Material provided -
=== Begin Enclosure ===

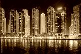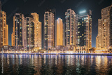 Night view of high-rise buildings of residential district in Dubai Marina. Dubai Marina Towers. Dubai Marina Skyline Background. Holidays In United Arab Emirates. Vacation In UAE. Night view of high
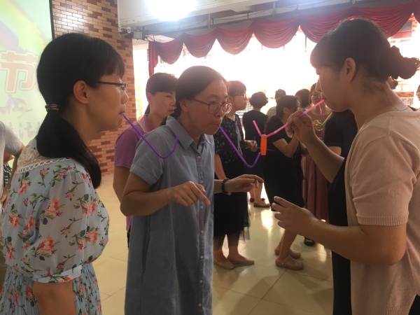 活動的第二個內(nèi)容是在學(xué)校的小舞臺舉行慶中秋趣味活動。在小舞臺上,老師們一改這幾天開學(xué)的疲態(tài),個個精神抖擻。活動由潘杰副主任支持。此次的趣味運動會共設(shè)2個活動項目,一個是 “心心相印”的吸管傳圈,另一個是“愛心傳遞”的傳呼拉圈。活動過程熱鬧非凡,整個小舞臺都充滿了歡聲笑語,引得旁邊的學(xué)生和家長都樂不可支。
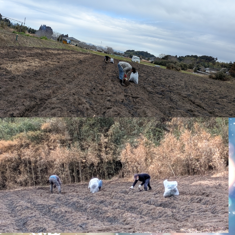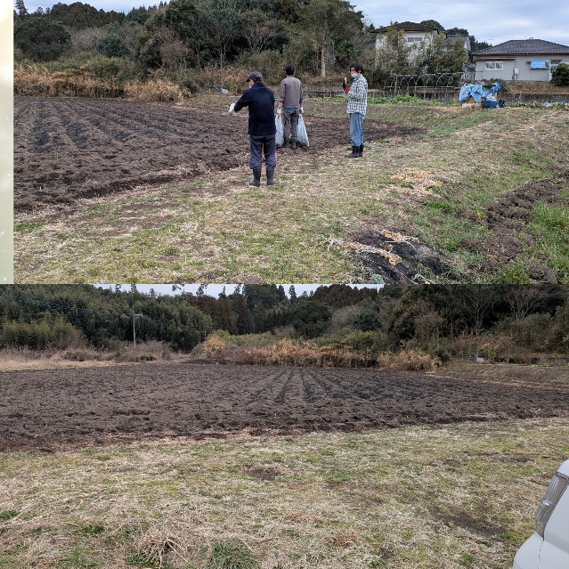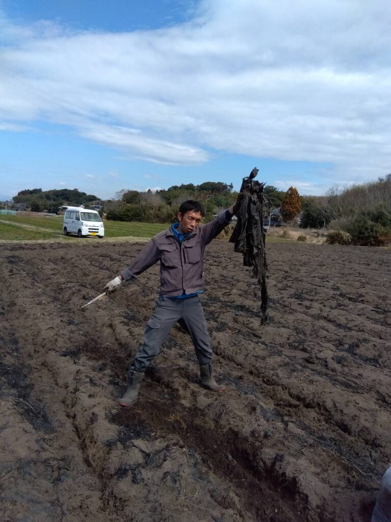 みまた就労継続支援えがおの里三股就労継続支援B型 委託作業 2026年2月20日 提携している農家さんにて作業4日目…晴天の中今日はK職員さん入れて4人で力を合わせてマルチ取り除きをしました! 広~い畑です! 地道にコツコツと・・・ こんなにも長~いマルチ取り除きました! (≧∇≦)ノ■とったぞ~♪

=== End Enclosure ===

Work instructions - Leave out every picture and copy verbatim the lines running from the line containing "活動的第二個內(nèi)容是" through the final line of the data.

Task answer -
 活動的第二個內(nèi)容是在學(xué)校的小舞臺舉行慶中秋趣味活動。在小舞臺上,老師們一改這幾天開學(xué)的疲態(tài),個個精神抖擻。活動由潘杰副主任支持。此次的趣味運動會共設(shè)2個活動項目,一個是 “心心相印”的吸管傳圈,另一個是“愛心傳遞”的傳呼拉圈。活動過程熱鬧非凡,整個小舞臺都充滿了歡聲笑語,引得旁邊的學(xué)生和家長都樂不可支。
 みまた就労継続支援えがおの里三股就労継続支援B型 委託作業 2026年2月20日 提携している農家さんにて作業4日目…晴天の中今日はK職員さん入れて4人で力を合わせてマルチ取り除きをしました! 広~い畑です! 地道にコツコツと・・・ こんなにも長~いマルチ取り除きました! (≧∇≦)ノ■とったぞ~♪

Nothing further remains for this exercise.